- [WHAT YOU NEED TO DO]:
The listing is to be transcribed in full, with its images left out.

(GIVEN DATA)

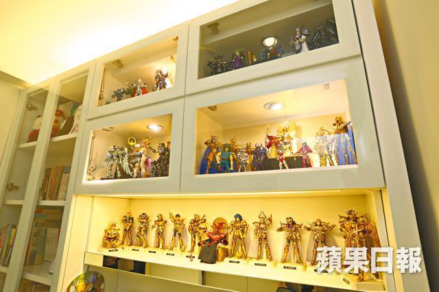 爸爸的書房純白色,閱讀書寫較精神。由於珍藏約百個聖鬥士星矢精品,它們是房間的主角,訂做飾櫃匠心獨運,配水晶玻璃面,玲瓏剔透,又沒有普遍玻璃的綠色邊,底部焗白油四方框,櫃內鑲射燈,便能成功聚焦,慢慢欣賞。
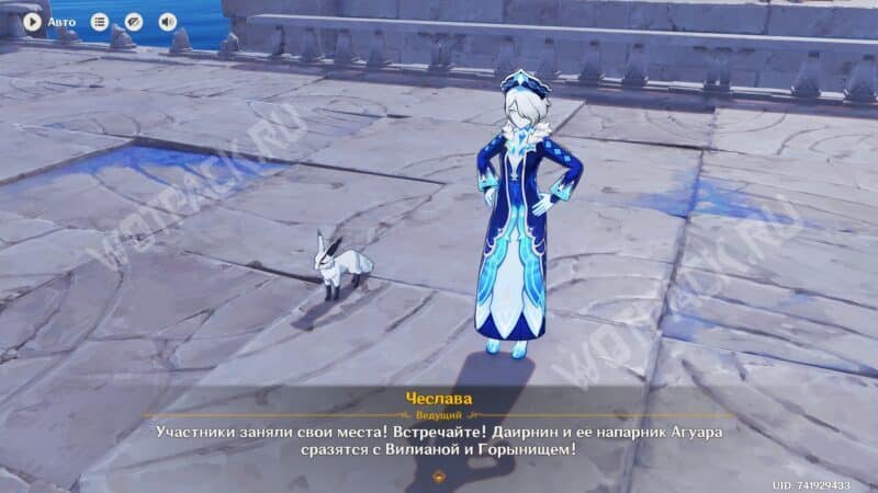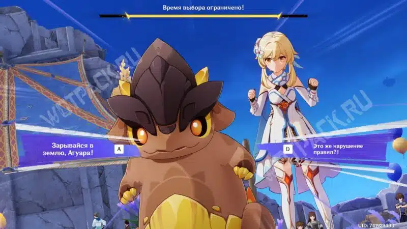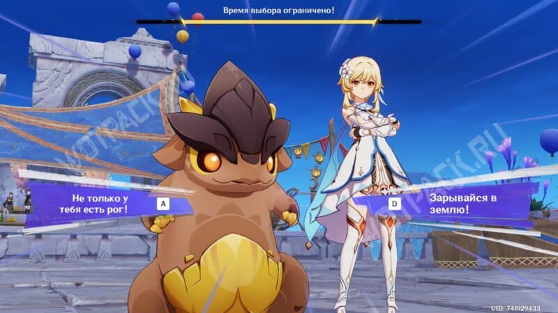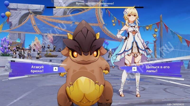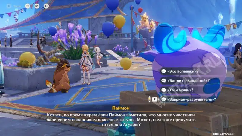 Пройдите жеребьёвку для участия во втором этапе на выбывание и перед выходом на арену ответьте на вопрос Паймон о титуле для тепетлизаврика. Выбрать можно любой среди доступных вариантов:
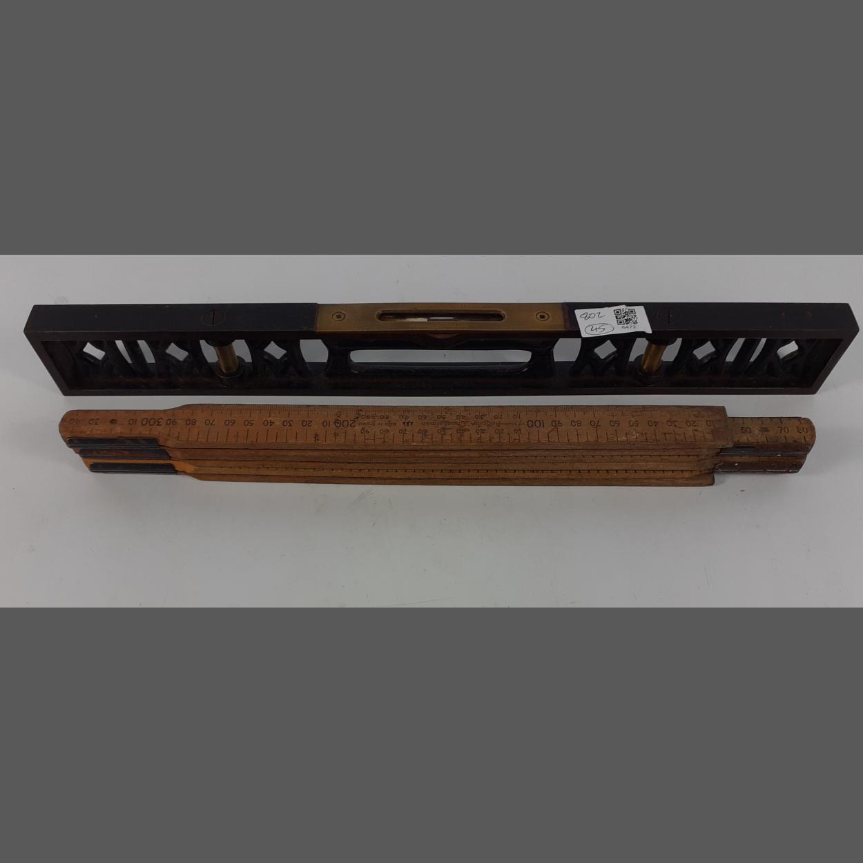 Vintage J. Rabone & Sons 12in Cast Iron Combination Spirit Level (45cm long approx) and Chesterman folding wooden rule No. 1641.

(End GIVEN DATA)

- [ANSWER TO THIS EXERCISE]:
 爸爸的書房純白色,閱讀書寫較精神。由於珍藏約百個聖鬥士星矢精品,它們是房間的主角,訂做飾櫃匠心獨運,配水晶玻璃面,玲瓏剔透,又沒有普遍玻璃的綠色邊,底部焗白油四方框,櫃內鑲射燈,便能成功聚焦,慢慢欣賞。
 Пройдите жеребьёвку для участия во втором этапе на выбывание и перед выходом на арену ответьте на вопрос Паймон о титуле для тепетлизаврика. Выбрать можно любой среди доступных вариантов:
 Vintage J. Rabone & Sons 12in Cast Iron Combination Spirit Level (45cm long approx) and Chesterman folding wooden rule No. 1641.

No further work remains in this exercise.